Input data>

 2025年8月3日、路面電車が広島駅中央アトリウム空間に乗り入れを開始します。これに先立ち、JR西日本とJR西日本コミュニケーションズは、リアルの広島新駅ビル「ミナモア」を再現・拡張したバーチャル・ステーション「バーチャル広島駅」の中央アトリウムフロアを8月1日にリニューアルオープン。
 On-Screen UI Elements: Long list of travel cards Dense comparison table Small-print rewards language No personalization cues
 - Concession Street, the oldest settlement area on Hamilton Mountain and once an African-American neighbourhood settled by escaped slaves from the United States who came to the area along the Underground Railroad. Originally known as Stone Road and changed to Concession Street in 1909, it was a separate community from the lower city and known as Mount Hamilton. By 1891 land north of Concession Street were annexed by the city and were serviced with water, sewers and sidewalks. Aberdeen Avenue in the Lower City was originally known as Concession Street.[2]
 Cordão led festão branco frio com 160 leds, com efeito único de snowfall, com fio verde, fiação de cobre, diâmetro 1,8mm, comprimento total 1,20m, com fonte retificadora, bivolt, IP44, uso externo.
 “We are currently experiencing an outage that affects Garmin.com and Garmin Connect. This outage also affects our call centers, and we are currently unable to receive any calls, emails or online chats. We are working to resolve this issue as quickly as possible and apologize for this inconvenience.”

...

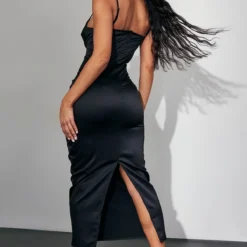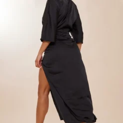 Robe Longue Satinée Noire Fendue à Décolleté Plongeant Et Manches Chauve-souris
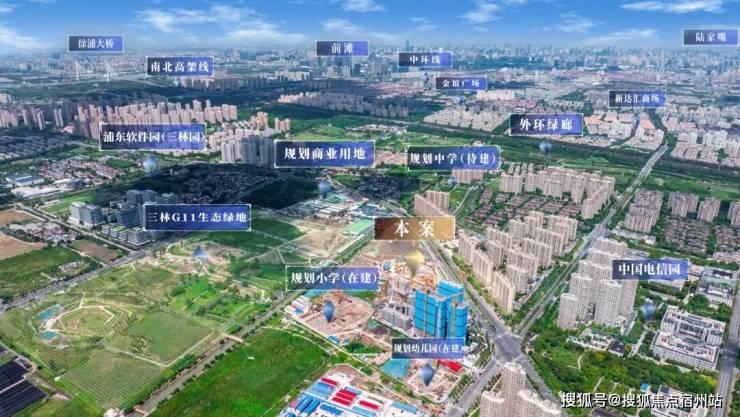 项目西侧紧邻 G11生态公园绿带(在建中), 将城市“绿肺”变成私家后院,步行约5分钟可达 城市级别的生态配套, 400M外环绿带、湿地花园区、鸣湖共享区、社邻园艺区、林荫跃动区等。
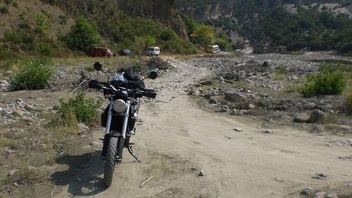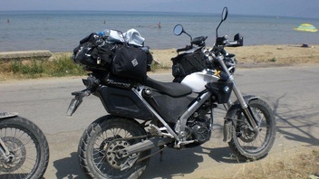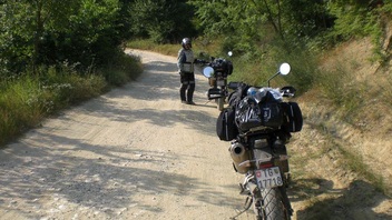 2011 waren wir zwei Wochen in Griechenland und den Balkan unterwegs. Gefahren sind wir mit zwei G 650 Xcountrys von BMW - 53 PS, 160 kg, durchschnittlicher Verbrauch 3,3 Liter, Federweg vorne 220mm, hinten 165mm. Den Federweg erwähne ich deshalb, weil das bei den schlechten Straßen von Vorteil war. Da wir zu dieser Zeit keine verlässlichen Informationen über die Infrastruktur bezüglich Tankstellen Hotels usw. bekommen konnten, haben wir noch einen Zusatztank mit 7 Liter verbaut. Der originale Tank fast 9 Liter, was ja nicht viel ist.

Assigned task> Above are the records; print exactly the lines from the line with "2025年8月3日、路面電車" to the line with "On-Screen UI Elements: Long", including both, and nothing else.

Expected answer>
 2025年8月3日、路面電車が広島駅中央アトリウム空間に乗り入れを開始します。これに先立ち、JR西日本とJR西日本コミュニケーションズは、リアルの広島新駅ビル「ミナモア」を再現・拡張したバーチャル・ステーション「バーチャル広島駅」の中央アトリウムフロアを8月1日にリニューアルオープン。
 On-Screen UI Elements: Long list of travel cards Dense comparison table Small-print rewards language No personalization cues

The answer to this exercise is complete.